本发明公开了缺陷预测方法和装置、存储介质和电子装置。该方法包括:通过第一目标网络对源域数据集和目标域数据集分别进行编码,得到上述源域数据集对应的第一内在编码向量、以及上述目标域数据集对应的第二内在编码向量;将上述第一内在编码向量和上述第二内在编码向量分别输入至第二目标网络,得到上述第一内在编码向量对应的第一潜在编码向量、以及上述第二内在编码向量对应的第二潜在编码向量;通过上述第一内在编码向量和上述第一潜在编码向量确定第一特征向量,以及通过上述第二内在编码向量和上述第二潜在编码向量确定第二特征向量;使用目标分类器对上述第二特征向量进行分类,得到分类结果。

Description

缺陷预测方法和装置、存储介质和电子装置 技术领域
本发明涉及通信领域,具体而言,涉及一种缺陷预测方法和装置、存储介质和电子装置。
背景技术
人们已经进入了信息化科技时代,小到移动电话、智能电视,大到飞机,动车,这些科技产品都离不开软件的控制。人们的生活也同时随着各种高科技产品的出现发生着翻天覆地的变化,社会也正朝着更加科技化、智能化的方向发展。同时各个行业对软件系统的依赖性越来越强。人们也越来越关注软件产品的质量,只有可靠性越高的软件产品才能最终得到用户的支持和认可。
对于一个软件项目的开发,软件若存在缺陷将会在软件质量中起严重的反向作用。如果软件中的潜在缺陷没有尽快解决,在软件运行期间可能会产生各种出乎意料的结果,轻则时间延误引起项目搁置,重则威胁到社会各界使用者的生命安全和财产安全,给企业或用户带来直接惨重的经济损失。软件开发计划SDP技术更加适设置为项目开发的早期阶段,提前识别出软件程序模块中的潜在缺陷。通过预测出软件中将会存在的缺陷并反映出相关信息,对于软件质量和优化测试资源具有重要意义。但是SDP技术并不能适设置为软件缺陷预测的全部阶段。
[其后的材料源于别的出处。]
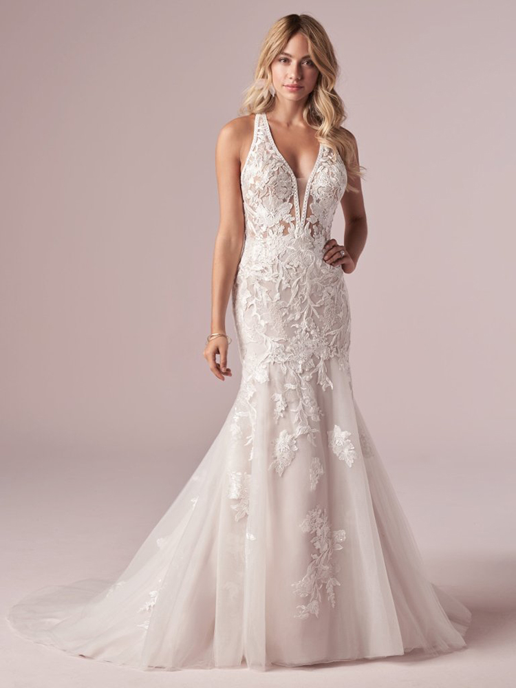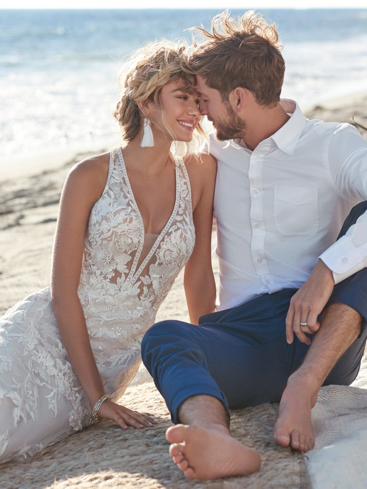 If you've got your heart set on boho, we can't help but steer you in the direction of gorgeous florals and a slinky-chic silhouette. For your consideration: this backless V-neck sheath wedding gown in nature-inspired perfection.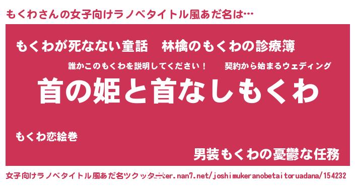 | 男性向けラノベタイトル風あだ名 | 『はたらくもくわさま!』 |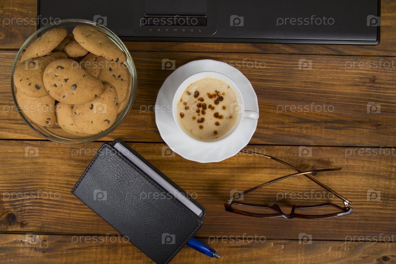 Компьютер, чашка кофе и печенье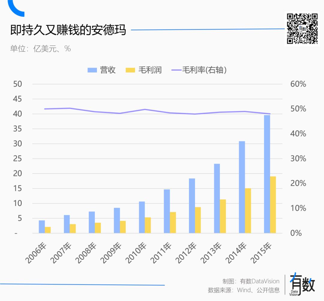 自1996年创立以来,安德玛营收增速连续19年维持20%以上,并在2015年以近40亿美元的销售额超越阿迪达斯,盈利能力也不逞多让,毛利率直逼50%[10]。
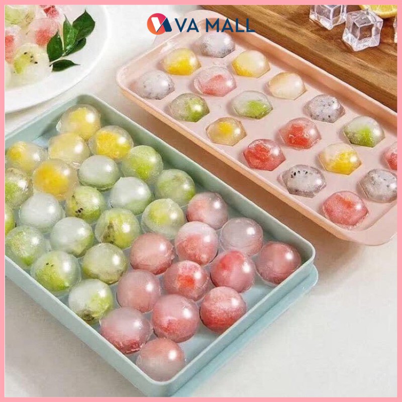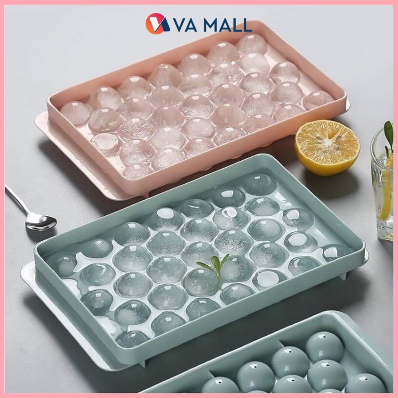 Khay làm đá viên tròn, khuôn làm thạch bi 33 viên có nắp đậy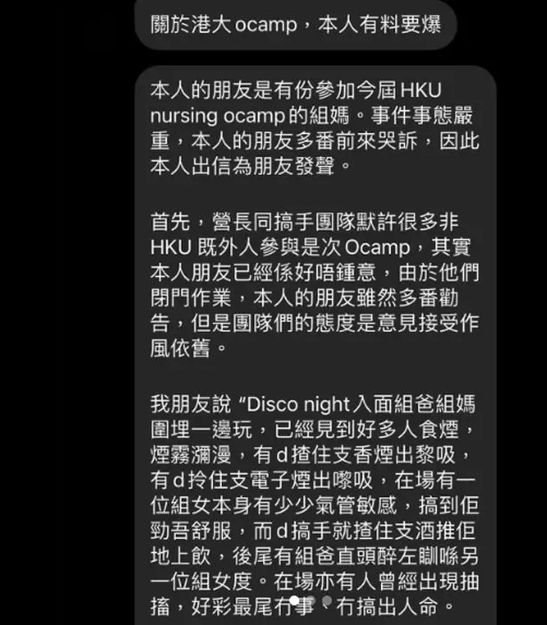 Instagram 帳戶「軒軒萬事屋」在社交平台發文,表示自己的朋友是有份擔任港大護理系迎新營「組媽」的學生,日前她前來哭訴,指該營的營長同搞手默許很多非港大的人士參與是次Ocamp,雖然該名「組媽」多次勸告,但團隊都沒有理會。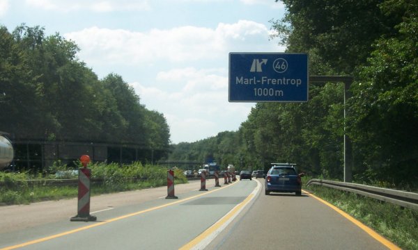 Ankündigung der AS Marl-Frentrop (46) in der Baustelleneinfahrt

在每次开发一个新项目时,都需要对这个新的项目进行缺陷预测,在CPDP的解决方法中,迁移学习是一种重要的选择方案,通过将源项目学习到的知识迁移到相关但是不相同的目标域中。通过这种方式能够加快源项目的缺陷预测时间,但是,源域和目标域的数据结构存在异构性的问题。
针对相关技术中,在缺陷预测时,源域和目标域的数据结构存在异构性的问题,尚未提出有效的技术方案。
发明内容
本发明实施例提供了一种缺陷预测方法和装置、存储介质和电子装置,以至少解决相关技术中,在缺陷预测时,源域和目标域的数据结构存在异构性的技术问题。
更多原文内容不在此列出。